Peter is a Member of the Institution Council and serves on several panels including the Professional Reviews Panel and the Fellowship Panel.
Peter became a Chartered Engineer in 1975 and undertook his first Professional Review in 1982. Since then he has undertaken just shy of 500 reviews of all kinds from Technician through to Fellow. He has been also running a Written Exercise Group based in Manchester and online for ten years, with several participants winning prizes every year.
Introduction to the James Rennie Medal
Every year the ICE awards the James Rennie Medal to the best Chartered Professional Review candidate from the year before. Nominations are made by the two reviewers who interviewed their candidate, with the final three shortlisted candidates presenting in front of a large audience and panel at ICE's headquarters in London in March.
How does someone get nominated?
As a candidate your objective and target should be to simply pass the ICE Examination but sometimes there are people who shine. As reviewers we get an opportunity to recognise those people and we (in true ICE fashion) fill in a form.

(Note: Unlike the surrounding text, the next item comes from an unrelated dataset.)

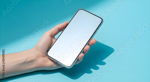 Las manos de una mujer sostienen con gracia un teléfono inteligente contra un fondo azul suave.

In essence we write a proposal supporting the individual and these are read by the Standards Panel during the period between your Chartered Professional Review and your result being released. This year there were nearly 50 recommendations and the Standards Panel passed ten to the James Rennie Panel. Our job is to select three to present their CEng presentation to the Institution on 22nd March in the Telford Theatre.
We interviewed our friend Nick Borner a while ago to find out the preparations he made leading up to his Chartered Professional Review. He was nominated for the James Rennie Medal back in 2015. You can read his interview here. He has lots of good tips for those preparing for their CEng MICE interviews.
One that we always recommend is to book a Mock ICE Review with us to get a 3rd party opinion on your report and interview, so you can make changes before you submit for the real thing.
About the Final
The presentation candidates make at the James Rennie Medal Final differs a bit to the one made at their Chartered Professional Review. It is not just to two reviewers but to a big audience of about a hundred followed by 15-20 minutes of questions. It is quite a challenge and those I have helped have sensibly made some changes to the presentation to bring out points to the bigger audience.
The questions are always challenging and sometimes come from experts who actually know the answer! One blunder we discussed a while ago is whether CDM Regulations apply offshore.
The James Rennie Panel includes several previous winners who recognise the skills in both engineering and communication and the final is brilliant to watch. We recommend all IEng and CEng candidates watch it – though IEng candidates are not eligible to be nominated. You will be able to watch online on 22nd March 2017 (details here), but do remember that these are the best out of over 1000 applicants globally and your target is simply to pass!